Each record must be copied in full and unchanged; any image it holds is excluded.

[Data extracted from a collection]
________

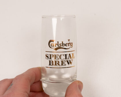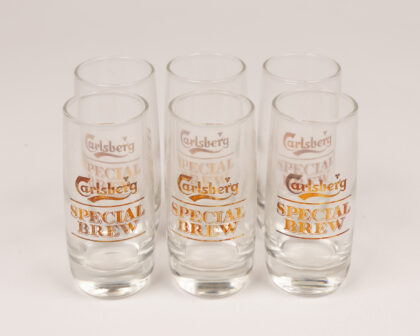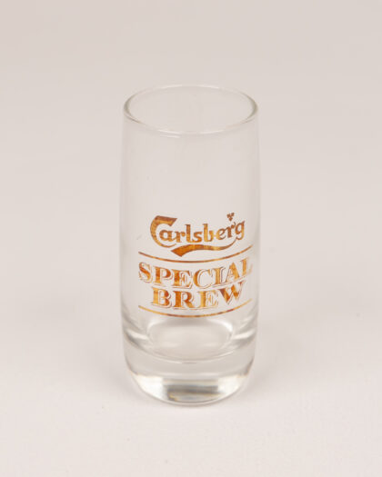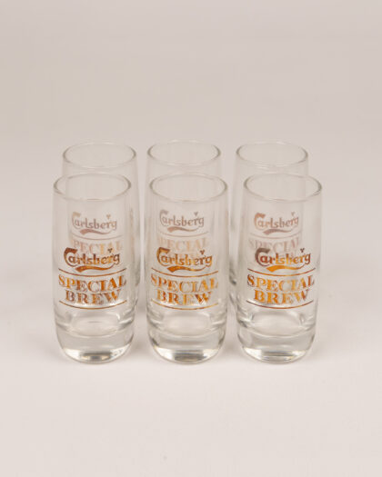 This is a set of six Carlsberg Special Brew shot glasses. Each glass features the Carlsberg logo and "Special Brew" printed in gold lettering. The glasses are in excellent condition, showing minimal signs of wear. They come in original box. A perfect addition to any home bar or collection of breweriana. Ideal for serving shots or for display.
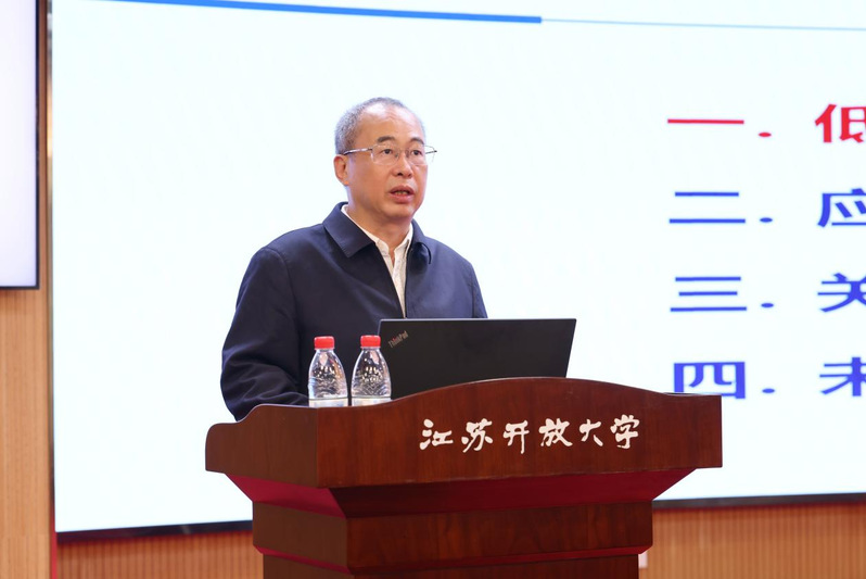 10月15日上午,由国家人力资源和社会保障部主办,江苏开放大学承办的2025年专业技术人才知识更新工程国家级高级研修项目——“人工智能大模型赋能城市更新数智融合发展”高级研修班开班仪式暨院士报告会在我校定淮门校区举行。江苏开放大学党委常委、副校长刘贵友,北京航空航天大学教授、博士生导师、中国工程院院士向锦武,省人力资源和社会保障厅人才开发处处长周军以及相关学会协会负责人等出席活动。来自全国各地的高校、央企国企、行业协会和民营企业的53名学员和学校教师代表近200人参加了活动。开班仪式暨院士报告会由学校省级专业技术人才继续教育基地执行主任徐德主持。
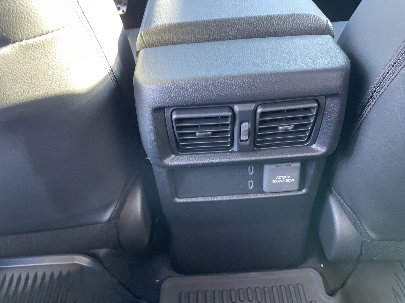- One center console 12V auxiliary power outlet and two 120V/400W AC power outlets in the rear seat and cargo area
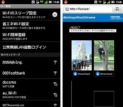「FlashAir」は、IEEE802.11b/g/nの無線LAN規格に対応し、「FlashAir」をセットしたデジタルカメラで撮影した画像をスマートフォンやタブレットにワイヤレスで転送できるSDHCメモリカード。アプリは現在Android版が提供されているが、今春にはiOS版が提供される予定だ。
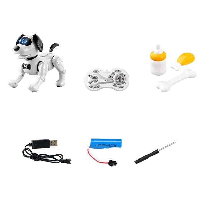 smarte robothund er et interaktivt elektrisk legetøj, der er perfekt til børn. Den har flere interessante funktioner og kan styres via infrarød teknologi. Med sine avancerede sensorer kan den simulere bevægelser og reagere på dine kommandoer, så den føles som et virkeligt kæledyr. Robothunden kan danse og spille musik, hvilket bidrager til dens sjove og underholdende natur. JJRC R19 smarte robothund er en fremragende gave til børn, der elsker at lege med legetøj og kæledyr, og den kan give timevis af underholdning og glæde.
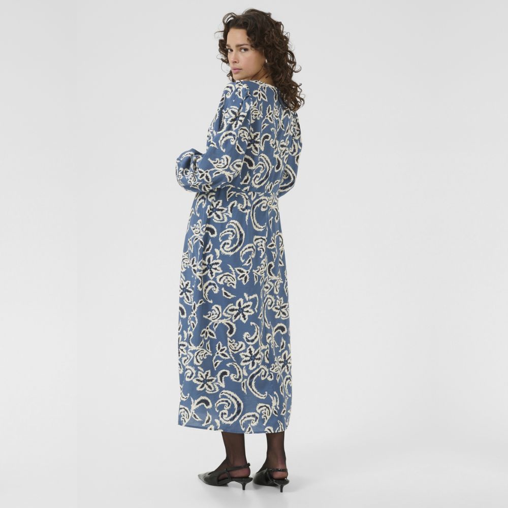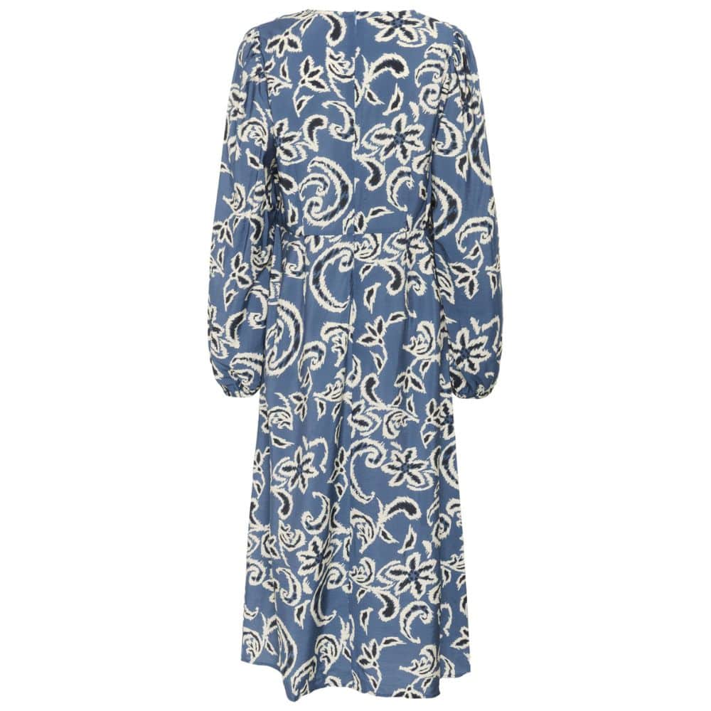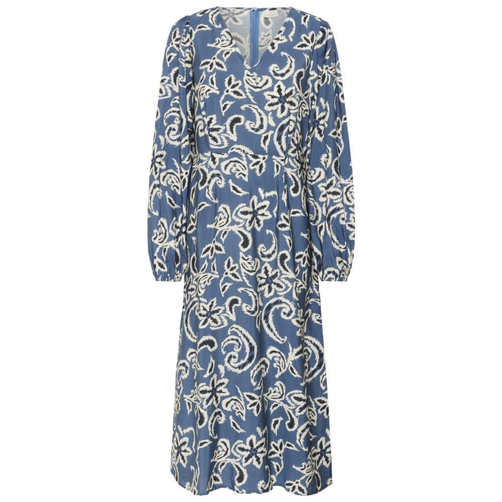 Kaffe – vaaleansininen kukkakuviollinen midi-mekko on kauniisti istuva ja monikäyttöinen valinta arkeen ja juhlavampiin hetkiin. V-pääntie ja pitkät, väljät hihat tuovat asuun pehmeyttä. Kevyt materiaali ja vyötärösauma korostavat siluettia miellyttävästi.
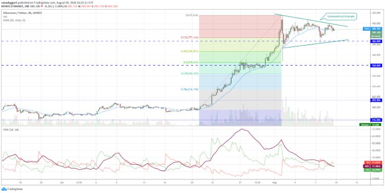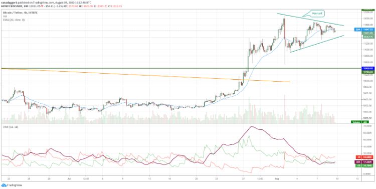 همان‌طور که در تحلیل تکنیکال قیمت بیت کوین و اتریوم هفته گذشته گفتیم، گاوها در نقاط افت قیمت در 2 آگوست، خرید کردند و قیمت را دوباره بالا کشیدند، اما آن‌ها با مقاومتی در نزدیکی محدوده بالایی یعنی 12,113.50 تا 12,304.37 دلار روبرو هستند. جفت‌ارز بیت کوین و دلار آمریکا، یک الگوی پرچم سه‌گوش تشکیل داده است، که معمولا به‌عنوان یک الگوی مداومت و تمدید روند عمل می‌کند.
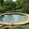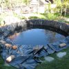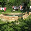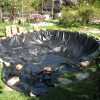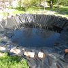 Nachdem die Mauer um den Teich fertig war, habe ich alles zusammengetragen, was ich an alten Decken, Handtüchern, Vorlegern und Co herumliegen hatte und schon längst wegwerfen wollte. Damit habe ich mangels genügend Vlies dann eine Vliesschicht gelegt. Anschliessend kam die Folie in den Teich. Folie verlegen funktioniert nur bei schönem Wetter und Sonnenschein, denn die Wärme macht die Folie weich und geschmeidig und sie lässt sich sehr schön falten, das ist natürlich besonders bei einem runden Becken wichtig. Dann wurde das Wasser eingelassen. Ein herrliches Gefühl! Nachdem das Wasser drin war, habe ich über Nacht die Folie sacken lassen. Am nächsten Tag habe ich dann die überschüssigen Ränder der Folie abgeschnitten und mit Ziegeln beschwert. Dann habe ich den oberen Rand gemauert. Es hat sich nicht vermeiden lassen, dass dabei etwas Mörtel ins frische Wasser getropft ist. Aber man muss das Wasser vor dem Mauern einlassen, damit die Folie die richtige Länge hat und man sie nicht etwa zu knapp einmauert. Aber das milchige Wasser verschwindet bald von allein.
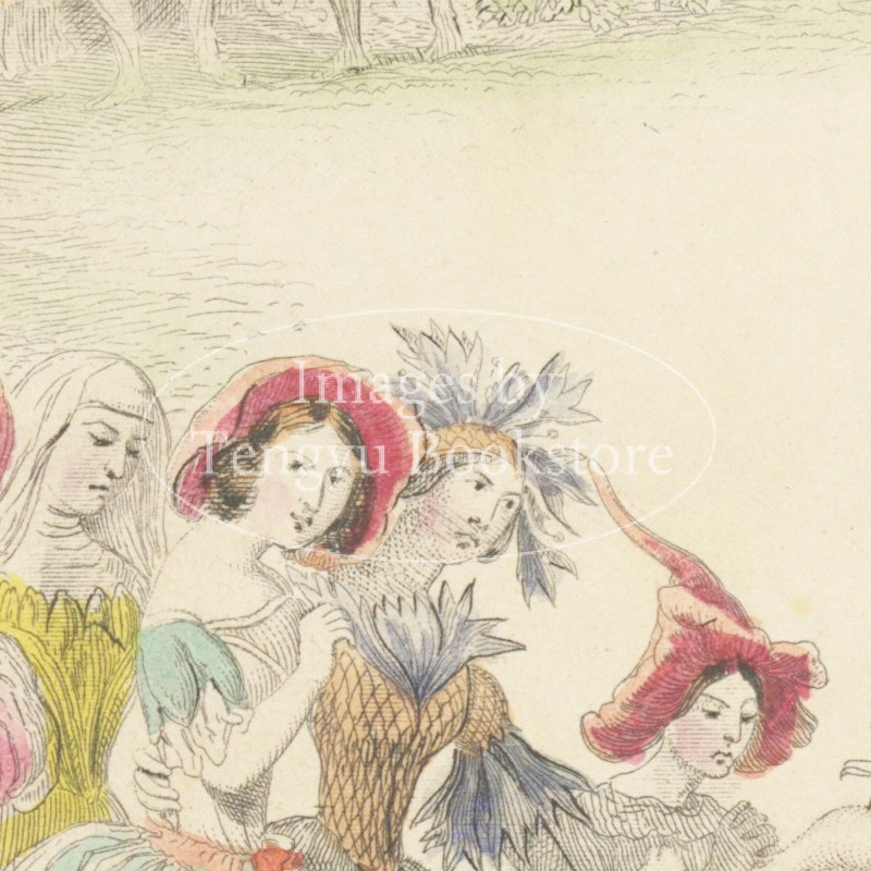 擬人化動物のイラストを得意としたグランヴィルが最晩年に取り組んだ本作は、「花」を題材にした連作。擬人化した姿を与えられた花の精たちの奇妙で愛らしい物語を描いた本書は、刊行当時高い人気を博した、グランヴィルの代表作の一つです。
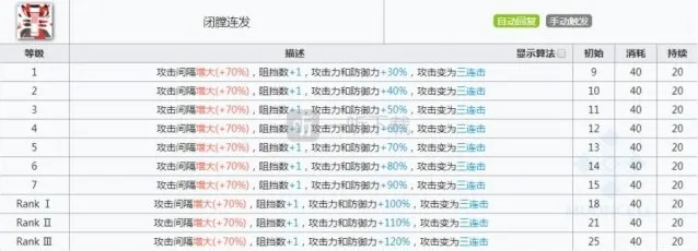 风笛的3技能加成幅度非常的变态,在技能持续期间,风笛的防御力比肩重装干员,输出能力也是十分强悍,而且阻挡数加一,可以说风笛的3技能作为大招十分合格,但是因为3技能的等级提升比较平滑,没有明显的质变,所以专精的优先度还是要略微低于2技能。因为3技能肯定是部署后越早可以释放越好,所以3技能也是很吃精二的初始技力提升天赋的。
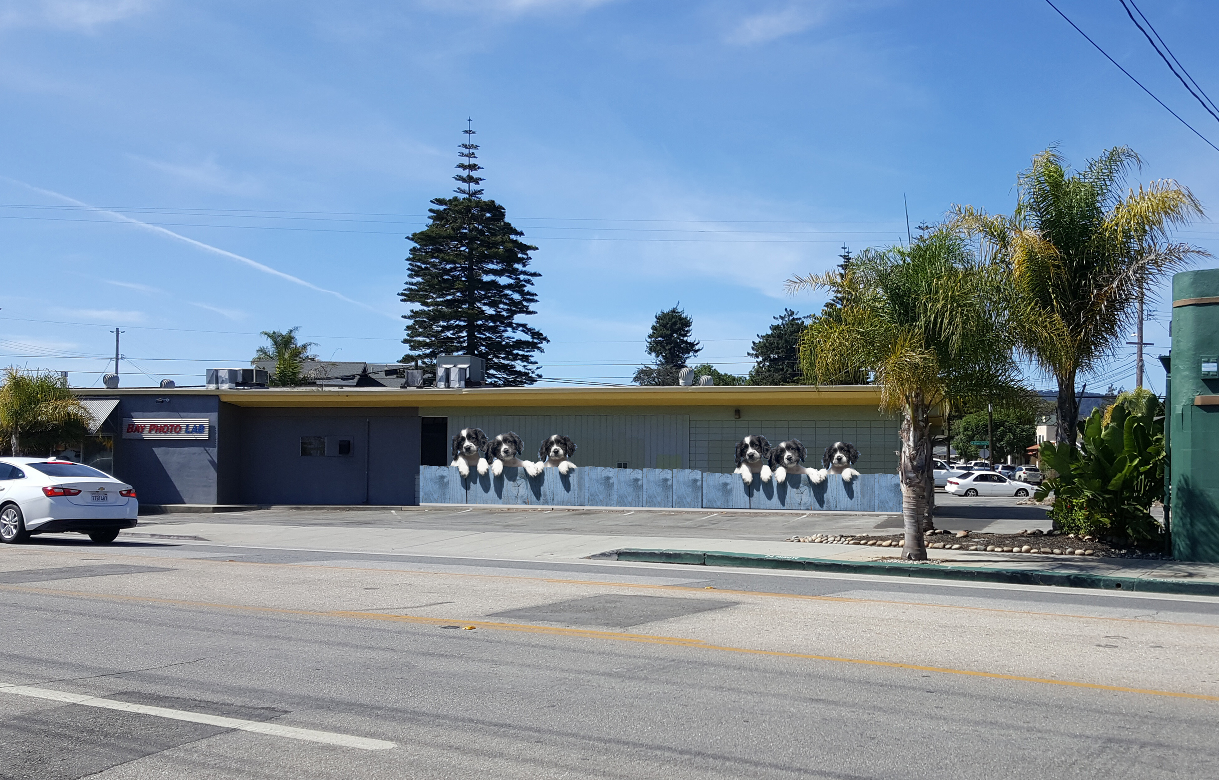 Bay Photo Soquel View with “Puppies leaning over fence” mural

________

EXERCISE ANSWER
 This is a set of six Carlsberg Special Brew shot glasses. Each glass features the Carlsberg logo and "Special Brew" printed in gold lettering. The glasses are in excellent condition, showing minimal signs of wear. They come in original box. A perfect addition to any home bar or collection of breweriana. Ideal for serving shots or for display.
 10月15日上午,由国家人力资源和社会保障部主办,江苏开放大学承办的2025年专业技术人才知识更新工程国家级高级研修项目——“人工智能大模型赋能城市更新数智融合发展”高级研修班开班仪式暨院士报告会在我校定淮门校区举行。江苏开放大学党委常委、副校长刘贵友,北京航空航天大学教授、博士生导师、中国工程院院士向锦武,省人力资源和社会保障厅人才开发处处长周军以及相关学会协会负责人等出席活动。来自全国各地的高校、央企国企、行业协会和民营企业的53名学员和学校教师代表近200人参加了活动。开班仪式暨院士报告会由学校省级专业技术人才继续教育基地执行主任徐德主持。
- One center console 12V auxiliary power outlet and two 120V/400W AC power outlets in the rear seat and cargo area
「FlashAir」は、IEEE802.11b/g/nの無線LAN規格に対応し、「FlashAir」をセットしたデジタルカメラで撮影した画像をスマートフォンやタブレットにワイヤレスで転送できるSDHCメモリカード。アプリは現在Android版が提供されているが、今春にはiOS版が提供される予定だ。
 smarte robothund er et interaktivt elektrisk legetøj, der er perfekt til børn. Den har flere interessante funktioner og kan styres via infrarød teknologi. Med sine avancerede sensorer kan den simulere bevægelser og reagere på dine kommandoer, så den føles som et virkeligt kæledyr. Robothunden kan danse og spille musik, hvilket bidrager til dens sjove og underholdende natur. JJRC R19 smarte robothund er en fremragende gave til børn, der elsker at lege med legetøj og kæledyr, og den kan give timevis af underholdning og glæde.
 Kaffe – vaaleansininen kukkakuviollinen midi-mekko on kauniisti istuva ja monikäyttöinen valinta arkeen ja juhlavampiin hetkiin. V-pääntie ja pitkät, väljät hihat tuovat asuun pehmeyttä. Kevyt materiaali ja vyötärösauma korostavat siluettia miellyttävästi.
 همان‌طور که در تحلیل تکنیکال قیمت بیت کوین و اتریوم هفته گذشته گفتیم، گاوها در نقاط افت قیمت در 2 آگوست، خرید کردند و قیمت را دوباره بالا کشیدند، اما آن‌ها با مقاومتی در نزدیکی محدوده بالایی یعنی 12,113.50 تا 12,304.37 دلار روبرو هستند. جفت‌ارز بیت کوین و دلار آمریکا، یک الگوی پرچم سه‌گوش تشکیل داده است، که معمولا به‌عنوان یک الگوی مداومت و تمدید روند عمل می‌کند.
 Nachdem die Mauer um den Teich fertig war, habe ich alles zusammengetragen, was ich an alten Decken, Handtüchern, Vorlegern und Co herumliegen hatte und schon längst wegwerfen wollte. Damit habe ich mangels genügend Vlies dann eine Vliesschicht gelegt. Anschliessend kam die Folie in den Teich. Folie verlegen funktioniert nur bei schönem Wetter und Sonnenschein, denn die Wärme macht die Folie weich und geschmeidig und sie lässt sich sehr schön falten, das ist natürlich besonders bei einem runden Becken wichtig. Dann wurde das Wasser eingelassen. Ein herrliches Gefühl! Nachdem das Wasser drin war, habe ich über Nacht die Folie sacken lassen. Am nächsten Tag habe ich dann die überschüssigen Ränder der Folie abgeschnitten und mit Ziegeln beschwert. Dann habe ich den oberen Rand gemauert. Es hat sich nicht vermeiden lassen, dass dabei etwas Mörtel ins frische Wasser getropft ist. Aber man muss das Wasser vor dem Mauern einlassen, damit die Folie die richtige Länge hat und man sie nicht etwa zu knapp einmauert. Aber das milchige Wasser verschwindet bald von allein.
 擬人化動物のイラストを得意としたグランヴィルが最晩年に取り組んだ本作は、「花」を題材にした連作。擬人化した姿を与えられた花の精たちの奇妙で愛らしい物語を描いた本書は、刊行当時高い人気を博した、グランヴィルの代表作の一つです。
 风笛的3技能加成幅度非常的变态,在技能持续期间,风笛的防御力比肩重装干员,输出能力也是十分强悍,而且阻挡数加一,可以说风笛的3技能作为大招十分合格,但是因为3技能的等级提升比较平滑,没有明显的质变,所以专精的优先度还是要略微低于2技能。因为3技能肯定是部署后越早可以释放越好,所以3技能也是很吃精二的初始技力提升天赋的。
 Bay Photo Soquel View with “Puppies leaning over fence” mural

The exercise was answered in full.